Runcorn was a parliamentary constituency centred on the town of Runcorn in Cheshire. It returned one Member of Parliament (MP) to the House of Commons of the Parliament of the United Kingdom, elected by the first past the post system.

History 
Runcorn was created for the 1950 general election from parts of several constituencies.

It was abolished following the reorganisation of local authorities in 1974 by the Third Periodic Review of Westminster constituencies for the 1983 general election, when it was divided primarily between the re-established constituency of Eddisbury and the new constituencies of Halton and Warrington South.

Boundaries 
1950-1983: The Urban Districts of Runcorn and Lymm, and the Rural District of Runcorn.
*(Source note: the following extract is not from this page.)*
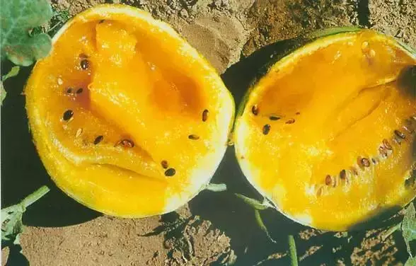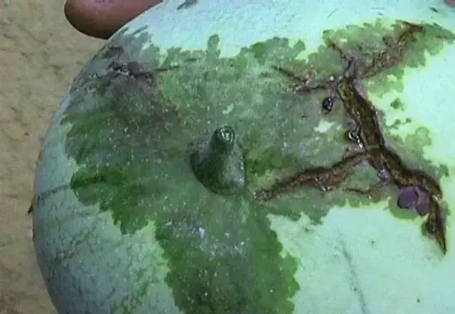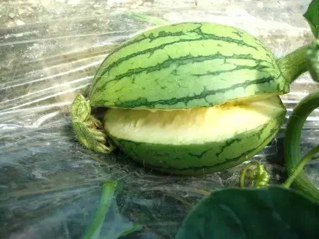 西瓜裂瓜是西瓜采收前,瓜从花痕外自然开裂。生产上小西瓜较大西瓜裂瓜现象严重,大西瓜中果皮薄的品种也有时发生,多发生在生长后期至采瓜前,常表现为横向或纵向不规则开裂,有的从花蒂处龟裂。

The Urban District of Runcorn was transferred from Northwich and Lymm was previously part of the abolished constituency of Bucklow. The Rural District of Runcorn (including Frodsham, Helsby, Grappenhall and Stockton Heath) was previously split between Knutsford, Northwich and the abolished Eddisbury constituency.

From 1 April 1974 until the constituency was abolished at the next boundary review which came into effect for the 1983 general election, the constituency comprised parts of the expanded Borough of Warrington and the newly formed Borough of Halton, and the District of Vale Royal, but its boundaries were unchanged.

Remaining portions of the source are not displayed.